* _GOAL OF THE EXERCISE_: Reproduce exactly, and only, the lines of the material below running from the line bearing "而姜昆为什么突然向这档节目开" through the line bearing "Pink printed pre-draped". Leave any pictures out.

* _SUPPLIED RECORDS_:
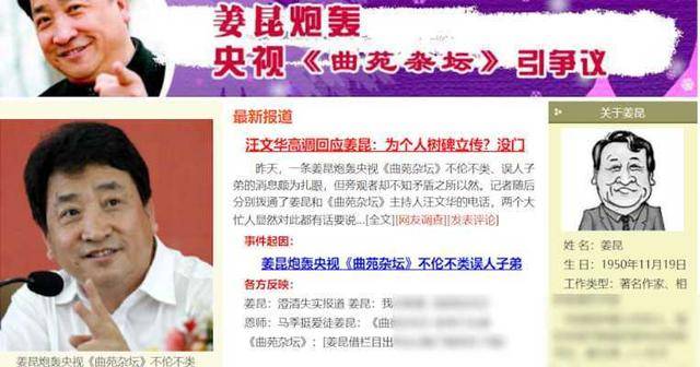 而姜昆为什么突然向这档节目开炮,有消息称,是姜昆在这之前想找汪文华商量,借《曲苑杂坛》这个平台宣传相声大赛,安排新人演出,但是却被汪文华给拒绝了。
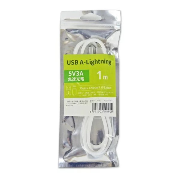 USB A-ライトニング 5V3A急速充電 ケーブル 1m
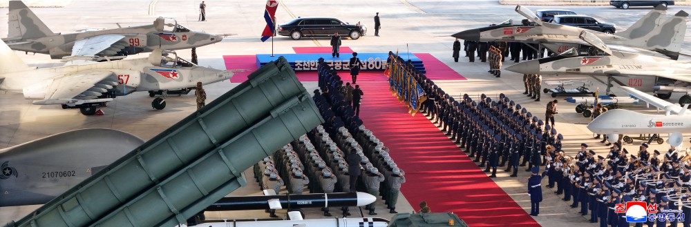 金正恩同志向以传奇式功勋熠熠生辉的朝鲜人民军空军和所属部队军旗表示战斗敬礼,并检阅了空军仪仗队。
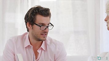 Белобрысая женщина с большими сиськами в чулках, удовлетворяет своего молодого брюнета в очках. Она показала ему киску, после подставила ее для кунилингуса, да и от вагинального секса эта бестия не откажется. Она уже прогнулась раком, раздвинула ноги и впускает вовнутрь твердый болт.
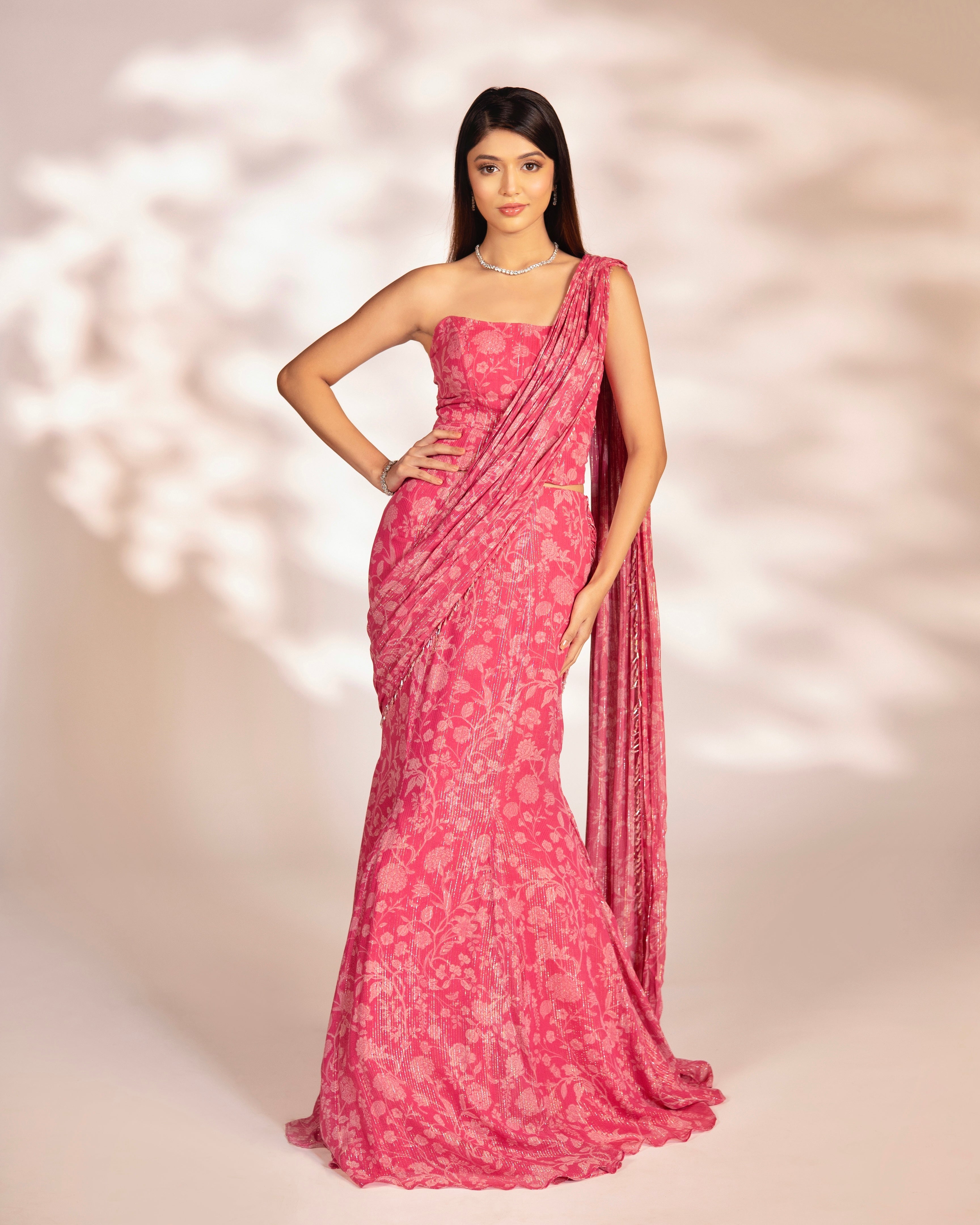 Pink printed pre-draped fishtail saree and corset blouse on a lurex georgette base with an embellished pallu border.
--
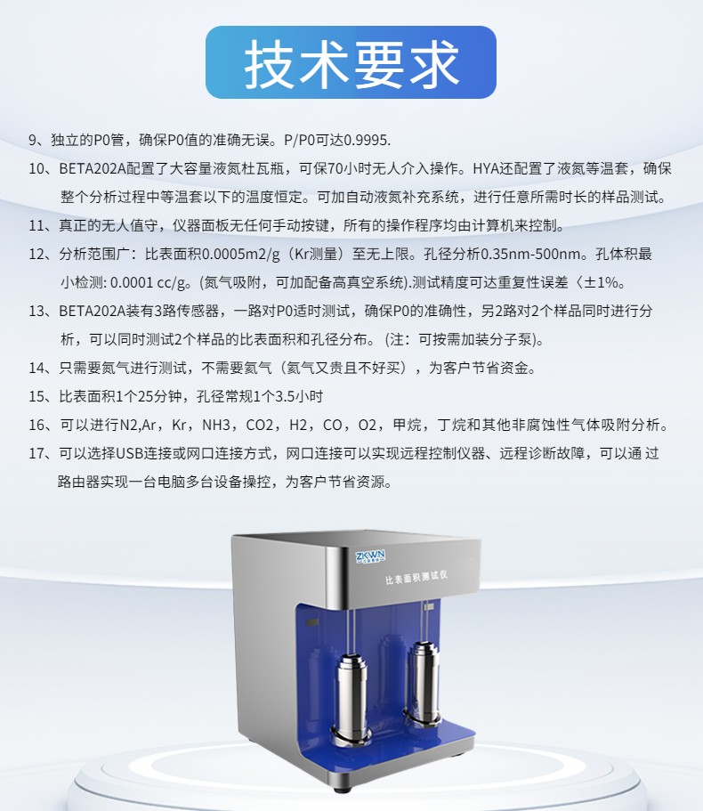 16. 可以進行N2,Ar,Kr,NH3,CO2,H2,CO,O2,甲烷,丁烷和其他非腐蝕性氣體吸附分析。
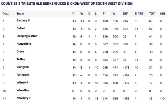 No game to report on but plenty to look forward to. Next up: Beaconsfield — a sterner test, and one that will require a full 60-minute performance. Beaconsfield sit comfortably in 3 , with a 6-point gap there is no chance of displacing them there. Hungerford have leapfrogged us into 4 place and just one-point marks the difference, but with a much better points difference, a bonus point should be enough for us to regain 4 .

* _ANSWER TO THE EXERCISE_:
 而姜昆为什么突然向这档节目开炮,有消息称,是姜昆在这之前想找汪文华商量,借《曲苑杂坛》这个平台宣传相声大赛,安排新人演出,但是却被汪文华给拒绝了。
 USB A-ライトニング 5V3A急速充電 ケーブル 1m
 金正恩同志向以传奇式功勋熠熠生辉的朝鲜人民军空军和所属部队军旗表示战斗敬礼,并检阅了空军仪仗队。
 Белобрысая женщина с большими сиськами в чулках, удовлетворяет своего молодого брюнета в очках. Она показала ему киску, после подставила ее для кунилингуса, да и от вагинального секса эта бестия не откажется. Она уже прогнулась раком, раздвинула ноги и впускает вовнутрь твердый болт.
 Pink printed pre-draped fishtail saree and corset blouse on a lurex georgette base with an embellished pallu border.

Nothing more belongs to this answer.